# THE DATA:
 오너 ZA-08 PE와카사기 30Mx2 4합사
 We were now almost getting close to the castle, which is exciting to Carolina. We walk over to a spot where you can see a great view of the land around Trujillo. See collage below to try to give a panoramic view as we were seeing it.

* * *

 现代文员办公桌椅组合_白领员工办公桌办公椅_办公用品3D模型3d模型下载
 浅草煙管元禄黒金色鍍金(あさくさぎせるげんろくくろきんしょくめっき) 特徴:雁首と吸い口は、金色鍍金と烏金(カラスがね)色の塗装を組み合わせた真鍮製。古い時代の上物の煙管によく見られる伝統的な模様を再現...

---

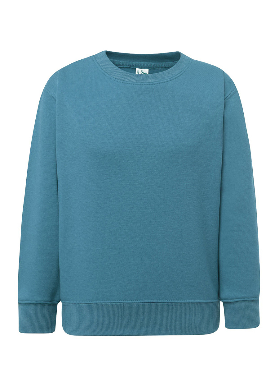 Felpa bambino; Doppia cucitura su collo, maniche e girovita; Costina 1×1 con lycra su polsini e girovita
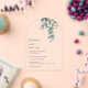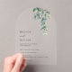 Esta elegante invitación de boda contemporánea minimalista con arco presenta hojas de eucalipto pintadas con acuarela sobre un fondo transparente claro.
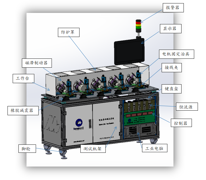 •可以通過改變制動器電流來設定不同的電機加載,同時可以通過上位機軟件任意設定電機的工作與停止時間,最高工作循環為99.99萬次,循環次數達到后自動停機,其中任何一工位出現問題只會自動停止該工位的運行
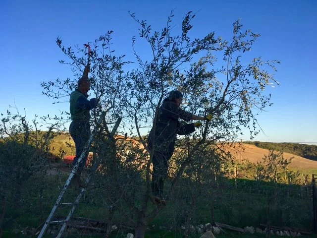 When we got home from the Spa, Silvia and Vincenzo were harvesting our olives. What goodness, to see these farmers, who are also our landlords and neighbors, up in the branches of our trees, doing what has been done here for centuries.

# EXERCISE AIM:
From the entries above, return exactly the line containing "오너 ZA-08 PE와카사기 30Mx2 4합사", the line containing "We were now", and all lines between, and nothing else.

# WRITTEN RESPONSE:
 오너 ZA-08 PE와카사기 30Mx2 4합사
 We were now almost getting close to the castle, which is exciting to Carolina. We walk over to a spot where you can see a great view of the land around Trujillo. See collage below to try to give a panoramic view as we were seeing it.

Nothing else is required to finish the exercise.